Shifting complexity from modeling to interpreting results

Shifting complexity from modeling to interpreting results

A typical AI problem involves quite a bit of tinkering before the model can start learning. Say you want to recognize objects; you need a fairly large number of pictures depicting the objects and associated labels (the names of the objects).
The pictures must be curated, to make sure that they are the same size, the objects stand out, etc. In this example, you would like the model to learn the association between an object and a label, so that it can tell which object appears in a picture it has not seen before. You might consider that the system has learned when it is able to recognize an object in a new picture 90% of the times.

I was intrigued by this paper End to End Learning for Self-Driving Cars because of the "end to end" approach. The system is continuously fed the frame of the road and the steering wheel turn associated with the frame, so that it is able to learn this association. That's it! Actually, it is a bit more complicated than that, it involves tinkering as usual, but that`s the gist of it.

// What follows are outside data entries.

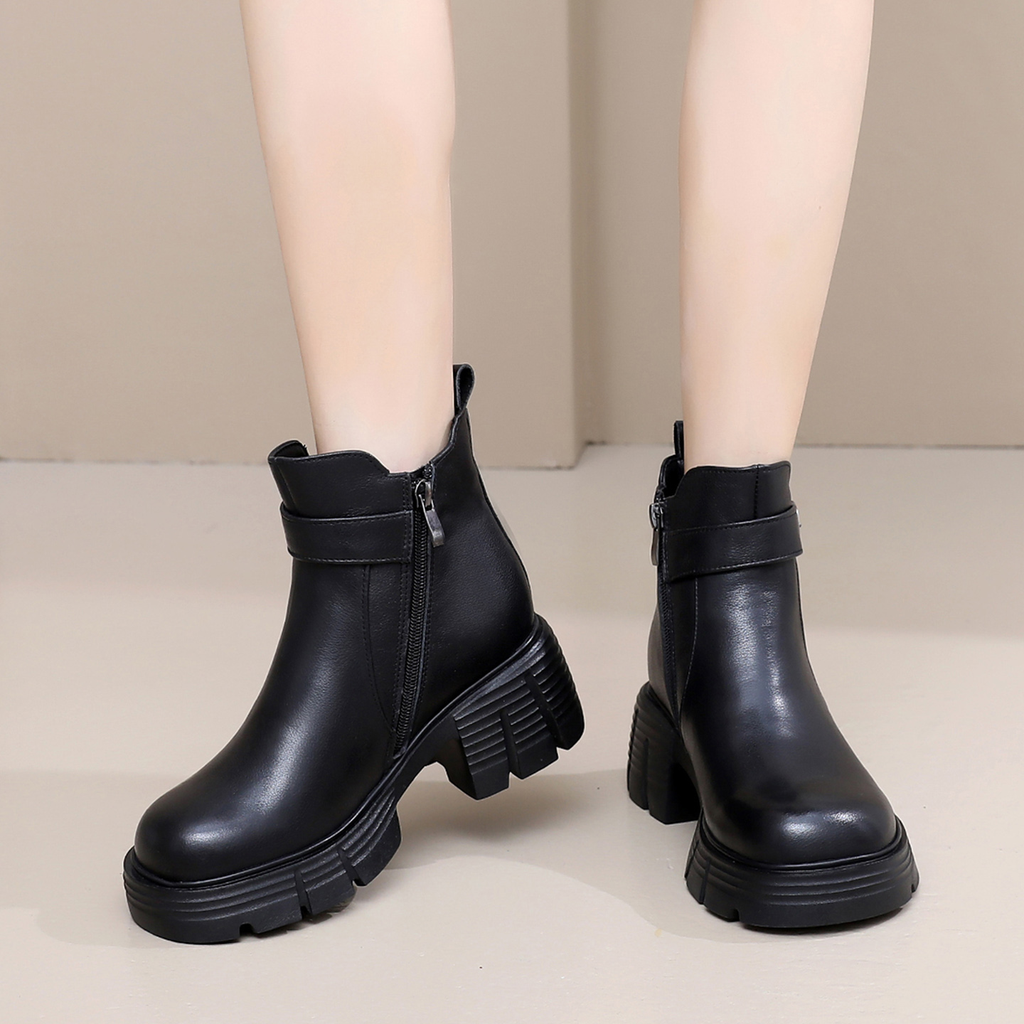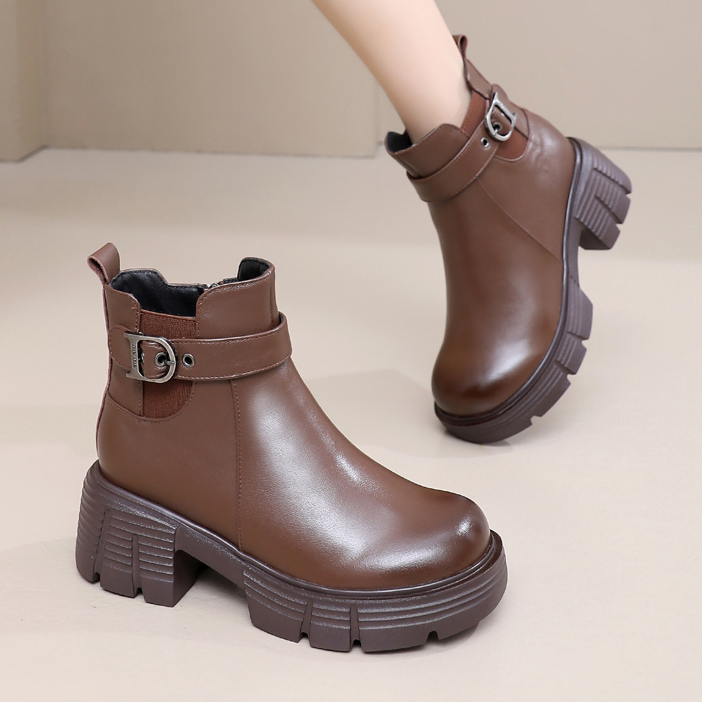 棉鞋 秋冬季 真皮厚底马丁靴女粗跟短靴舒适轻便防滑靴子加绒妈妈鞋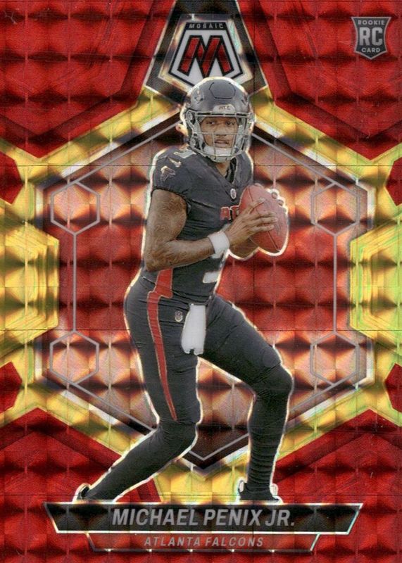 The Michael Penix Jr. 2024 Mosaic #308 Choice Fusion Red & Yellow /80 Rookie card in Raw condition has not changed in price in the last 30 days and was last sold for $122.50 .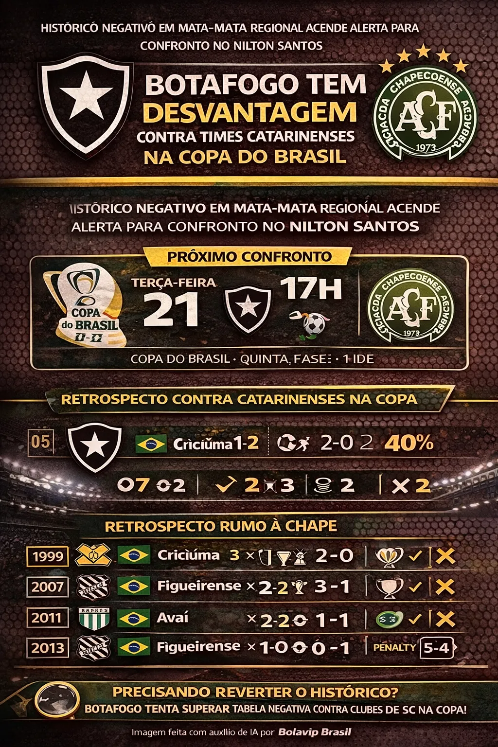 O Glorioso enfrentará a Chapecoense pela primeira vez na principal competição mata-mata do Brasil, mas enfrentar equipes catarinenses não é novidade para o Fogão, que leva desvantagem nos duelos. Em cinco confrontos, o Alvinegro avançou apenas duas vezes, com apenas 40% de aproveitamento na história.
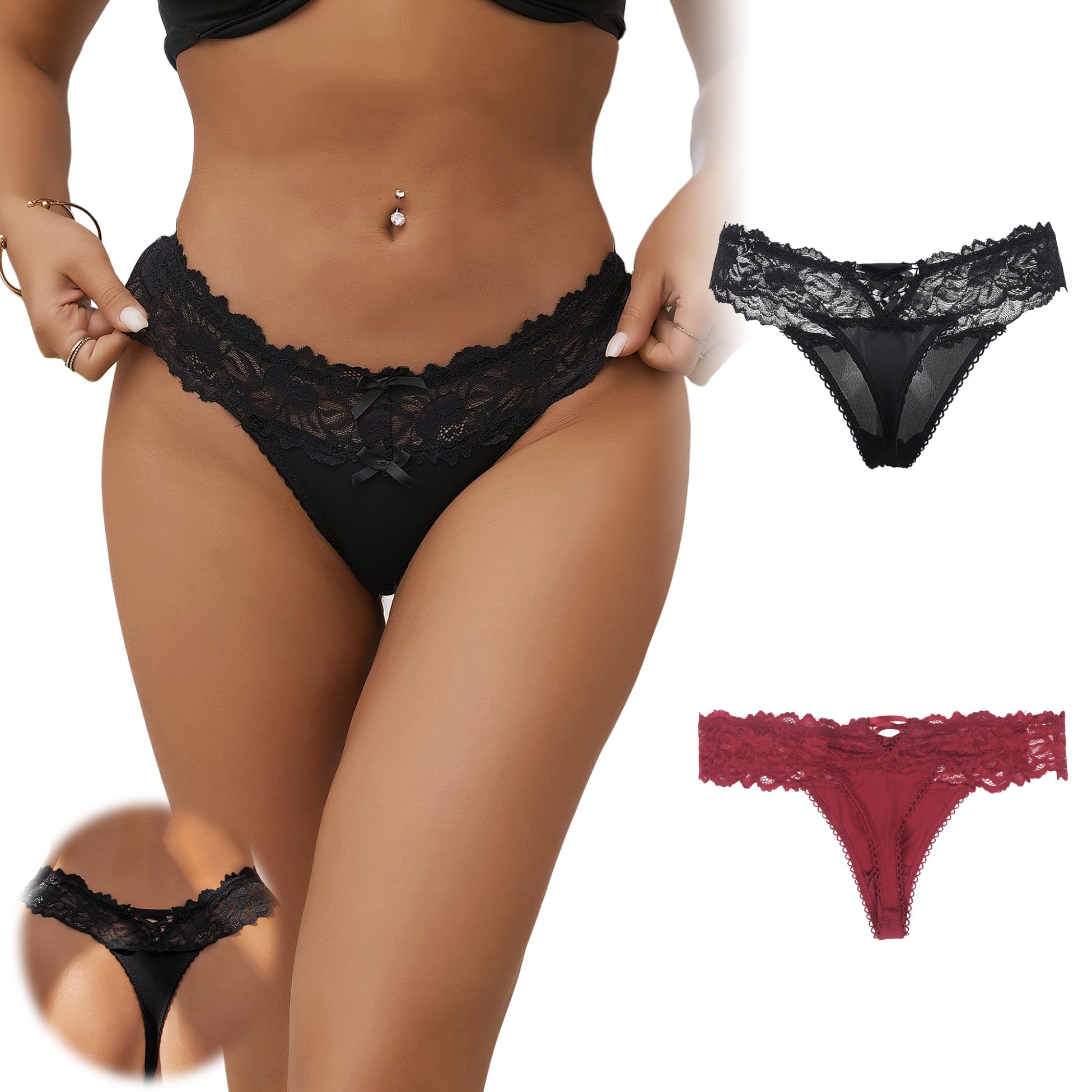 T-back thong panties are made of smooth silhouette lace, the lace is soft and stretchy, it won't scratch your skin at all, you can wear them with any type of bottoms (leggings, jeans, skirts, etc.)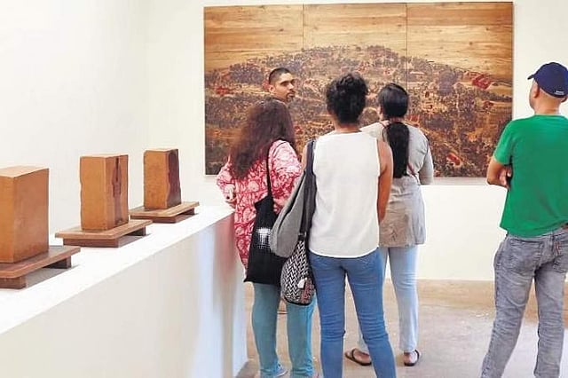 Saju’s work brings to life his village in Palakkad. The main installation includes images of his ancestral home and an aerial Google Maps view of the village printed on teakwood. Another one has earthen bricks on which the images of his ancestors have been printed.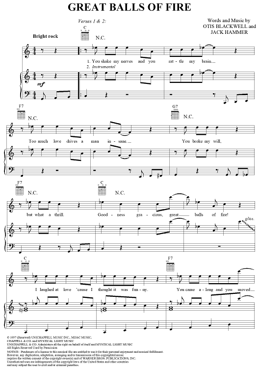 Digital Sheet Music for Great Balls Of Fire by Jack Hammer, Jerry Lee Lewis, John Davenport scored for Piano/Vocal/Chords; id:119708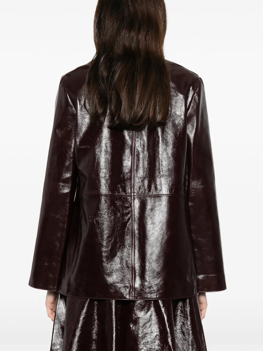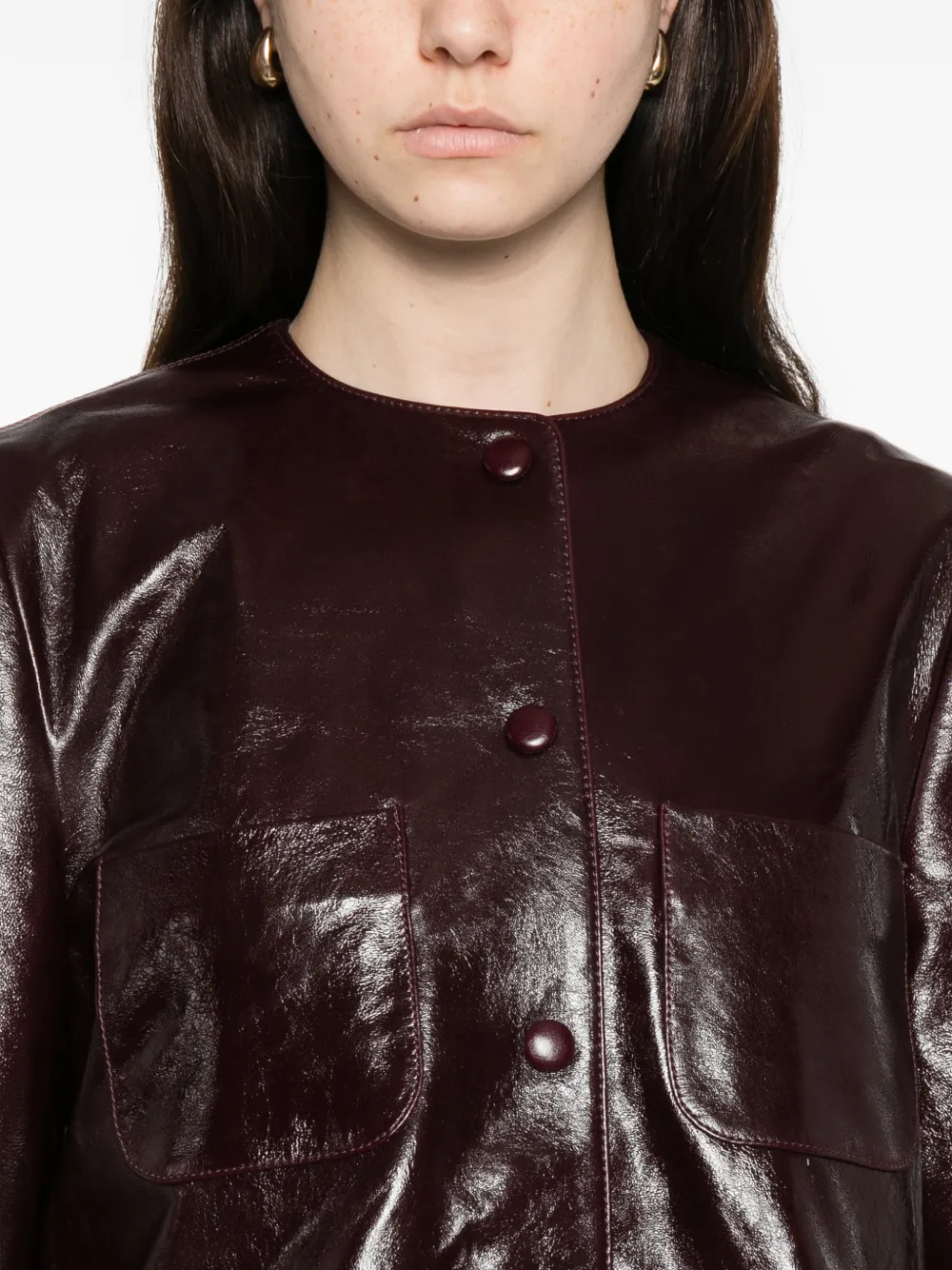 Бордовый, накладные карманы спереди, круглый вырез, застежка на пуговицы спереди, длинные рукава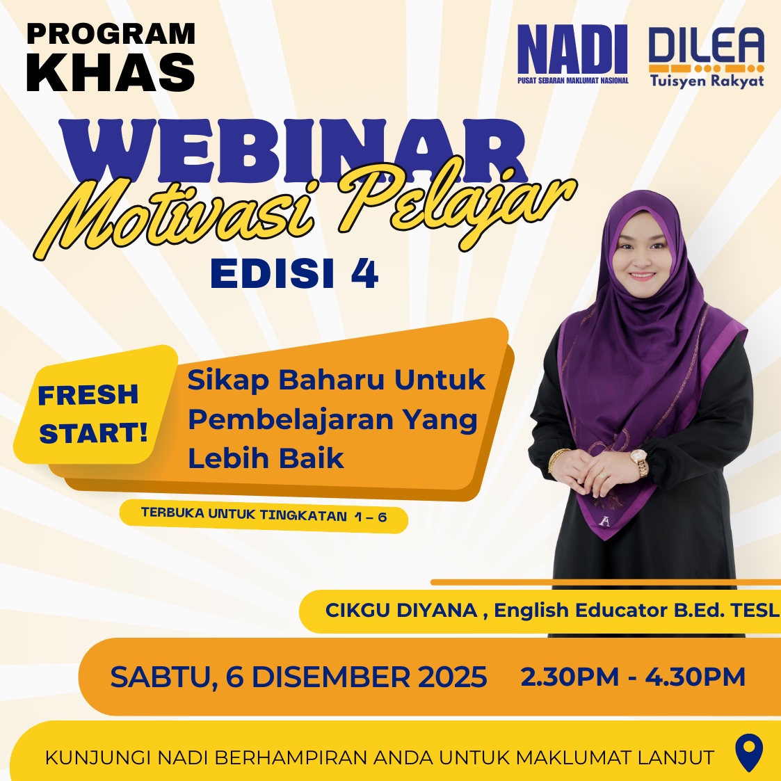 π’ PROGRAM KHAS: WEBINAR MOTIVASI PELAJAR EDISI 4 π’ Hello pelajar Tingkatan 1 hingga 6! π Rasa semangat makin pudar atau perlukan motivasi baru untuk terus fokus dalam pelajaran? Jom sertai Webinar Motivasi Pelajar Edisi 4 yang membawakan tema “Fresh […]
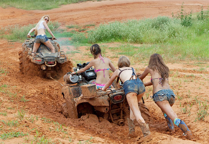 In a vivacious display of southern spirit and resilience, a picture captures a squadron of girls, bikini-clad, boots donned, manning their quad bikes through a field of mire. Dirt splashes and laughter echo in the southern heat, encapsulating the raw essence of unshakeable girl power. Two gritty femmes have dismounted, knee-deep in mud, pushing a bike with nonchalant grace.

The system learns from raw data, not "from explicit decomposition of the problem, such as lane marking detection, path planning, and control". This means that the system is not built to recognize "human-selected intermediate criteria, e.g., lane detection", but just learns what it needs, from its perspective, to be able to perform the association successfully. Also this means that the network can be smaller because it is optimized to learn only what it needs, not what engineers think it might need.

This is great, except that now we would like to know what the system learned by looking inside the network, for example, but it is a bit hard to draw any conclusions from that. We cut off a lot of complexity involved in devising a learning system, but it is fair to say that we now have to devise a method to understand what the system learned.

Also, the system learns depending on the type of training. This adds another layer of complexity when one tries to understand the rusults.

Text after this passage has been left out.